Le nordique revoyait le fermier hoqueter après la gorgée de bière qui suivit cette phrase, et se mit à sourire. Ce bon bonhomme allait lui manquer, pour sûr.
Le chasseur respecta à présent les conseils de son ami en suivant la route de jour, et en s'en écartant la nuit pour éviter qu'un coupe-jarret ne décide de le détrousser. Comme à son habitude dans la plaine, l'homme dormait peu mais tâchait de s'abriter près des arbres ou des rochers par nuits et temps sombres. Des cernes ne tardèrent pas à réapparaître sur son faciès après deux semaines de marche éprouvante, agrémentées seulement de quelques animaux à chasser.
Parfois, un petit village apparaissait sur son chemin où il put rendre à nouveau service du mieux qu'il pouvait pour se faire un peu d'argent. Mais la plupart de ses demandes se soldaient bien souvent par un simple regard de travers. Le peu de piécettes qu'il parvint à se faire lui servirent à se payer des repas chauds et une bière dans des tavernes crasseuses aux enseignes illisibles. Et bien que les villageois hyliens fussent des plus mornes, ces petits moments lui paraissaient toujours plus chaleureux que la rude plaine.

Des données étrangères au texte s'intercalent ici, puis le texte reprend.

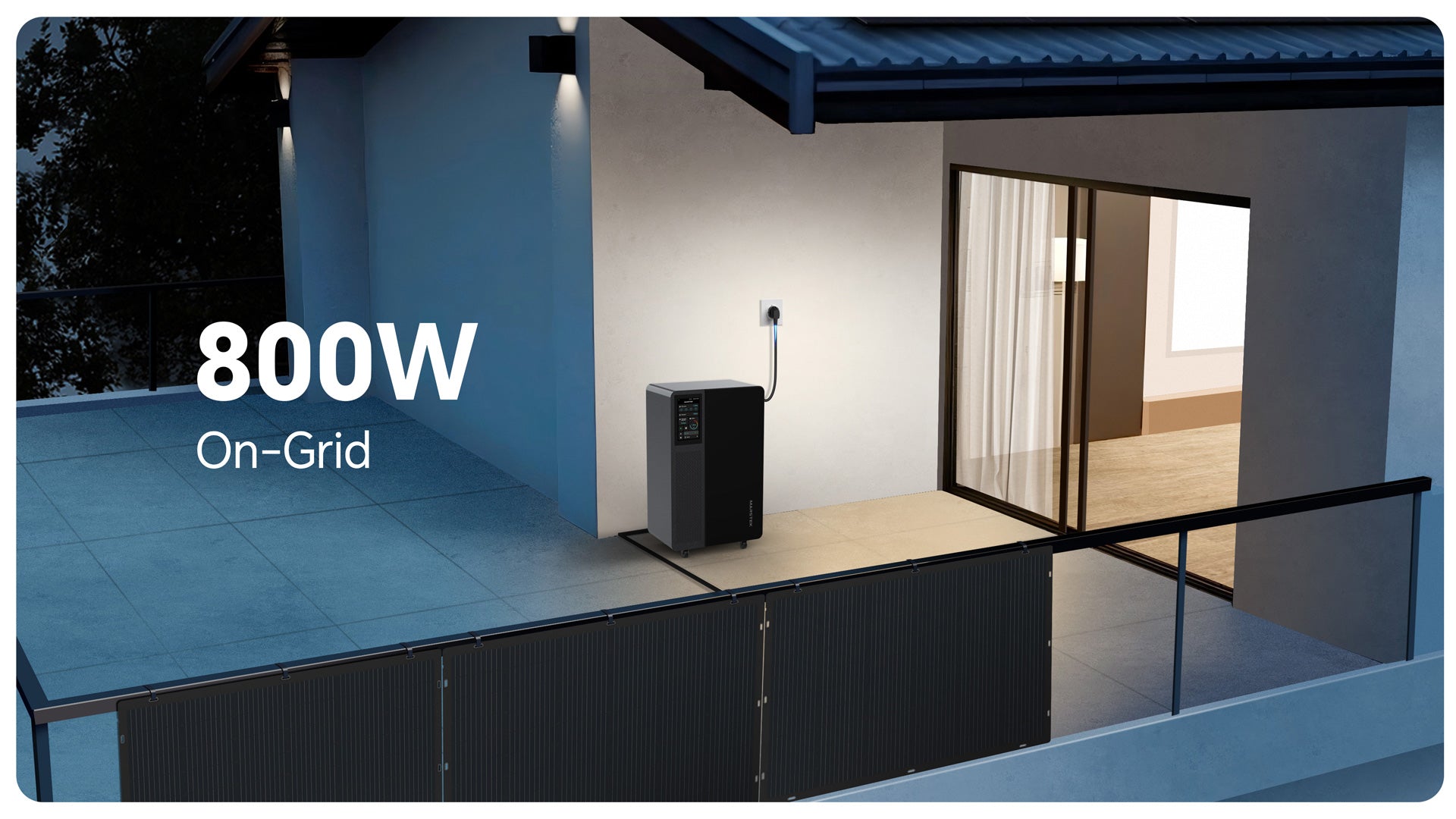Jupiter All-in-one speichert die von den Solarmodulen erzeugte Solarenergie und speist sie über einen eingebauten Mikro-Wechselrichter in das Netz ein. Die maximale Solareingangsleistung beträgt 2000 W. Die Netzleistung beträgt 800 W, die manuell oder automatisch entsprechend dem Smart Meter angepasst werden kann.
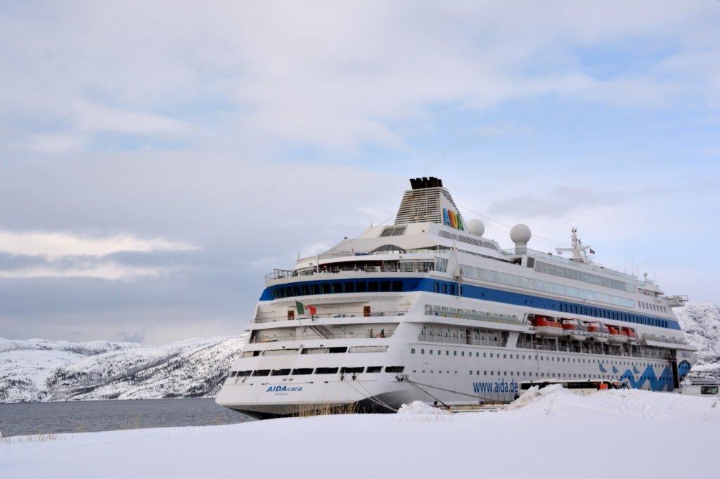 Wie immer waren die Fünf Freunde pünktlich auf dem Schiff. Pünktlich zum Kaffee. Pünktlich zum Kuchen. Und auch einige von uns pünktlich nach Schließen des Calypso an Land. Wir trieben uns noch ein wenig um die Anlegestelle herum. Die AIDAcara schaffte es nicht, sich hinter dem Schneehügel zu verstecken.

Reprenant la route, baluchon sur une épaule meurtrie par la lanière de cuir malgré d'épaisses fourrures, l'homme aperçut enfin distinctement cette infime pointe se dressant à la fin de la route. La Citadelle d'Hylia. Eckard, qui n'avait jamais vu de grande ville de sa vie, imaginait déjà tout ce qu'il pourrait y trouver. Des gens accueillant, des auberges chaleureuses où la bière et la pitance seraient bonnes, des marchés, de hautes maisons et un sol recouvert de pavés. C'est ainsi que le fermier en parlait, bien qu'il sembla que cela fusse un long moment qu'il ne s'y soit plus rendu.
Le chemin se dessinait droit devant lui, cessant enfin de serpenter inutilement entre les escarpements de la plaine.
Jusqu'alors, rien d'étrange ne s'était produit depuis la reprise de son voyage, mais il vit une immense et large silhouette s'avancer d'un pas fort et résonnant au loin, comme si chacun des pas remuait la terre et la faisait tressaillir de toutes parts. « Qu'est-ce que cela ? » susurra-t-il à lui-même, pensant trouver une réponse sans même y réfléchir, tant la masse imposante l'impressionnait à mesure qu'elle se rapprochait.